→ Recorded data:
-------

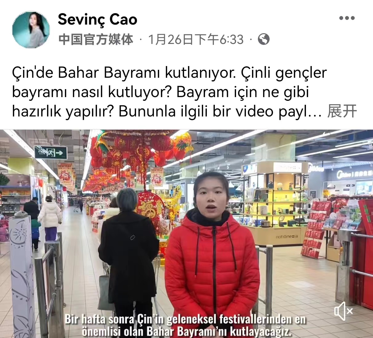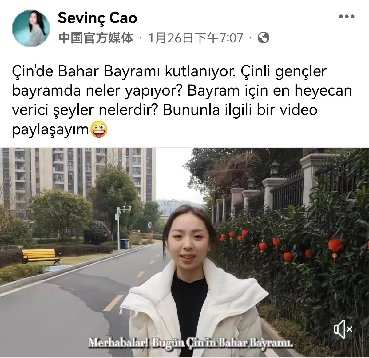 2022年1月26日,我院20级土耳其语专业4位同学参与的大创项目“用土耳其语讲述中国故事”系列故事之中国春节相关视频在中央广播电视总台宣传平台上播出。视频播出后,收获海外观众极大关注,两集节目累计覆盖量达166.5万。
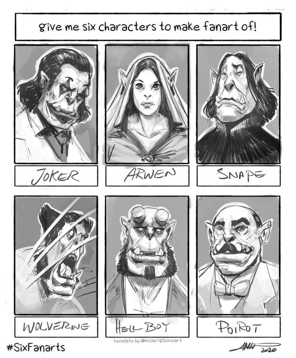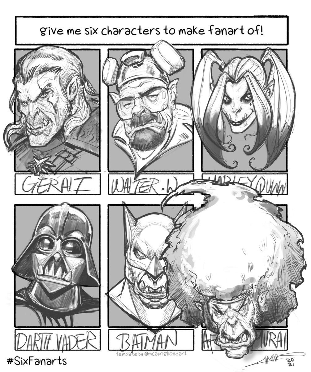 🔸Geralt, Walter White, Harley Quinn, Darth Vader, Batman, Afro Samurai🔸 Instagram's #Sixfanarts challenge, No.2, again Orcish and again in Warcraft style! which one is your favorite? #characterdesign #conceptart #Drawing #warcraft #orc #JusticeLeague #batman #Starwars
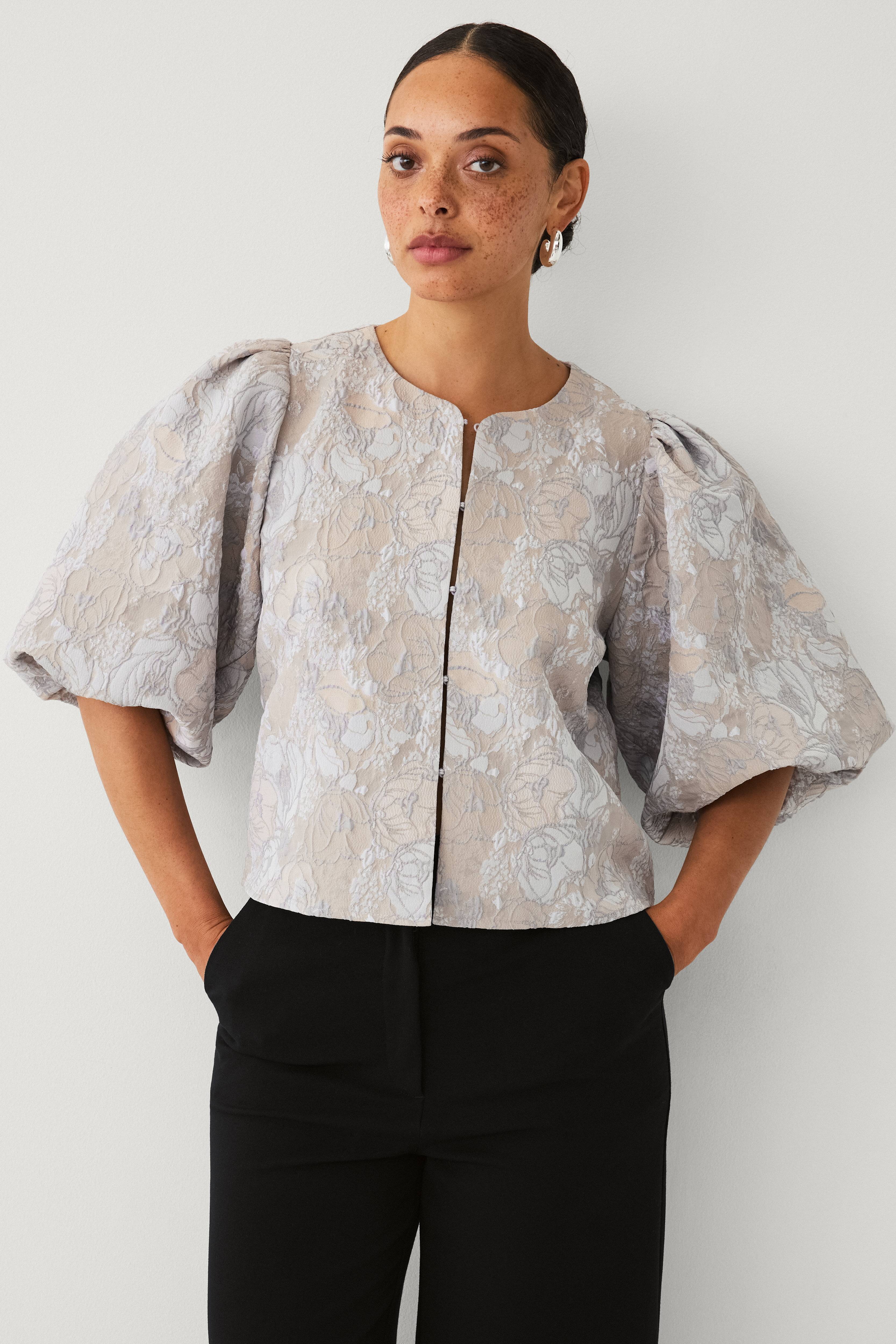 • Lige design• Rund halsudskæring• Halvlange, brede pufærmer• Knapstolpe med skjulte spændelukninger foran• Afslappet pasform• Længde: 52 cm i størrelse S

-------

→ Directions for this task: Write the listing above out again word for word, excluding all images.

→ Response:
 2022年1月26日,我院20级土耳其语专业4位同学参与的大创项目“用土耳其语讲述中国故事”系列故事之中国春节相关视频在中央广播电视总台宣传平台上播出。视频播出后,收获海外观众极大关注,两集节目累计覆盖量达166.5万。
 🔸Geralt, Walter White, Harley Quinn, Darth Vader, Batman, Afro Samurai🔸 Instagram's #Sixfanarts challenge, No.2, again Orcish and again in Warcraft style! which one is your favorite? #characterdesign #conceptart #Drawing #warcraft #orc #JusticeLeague #batman #Starwars
 • Lige design• Rund halsudskæring• Halvlange, brede pufærmer• Knapstolpe med skjulte spændelukninger foran• Afslappet pasform• Længde: 52 cm i størrelse S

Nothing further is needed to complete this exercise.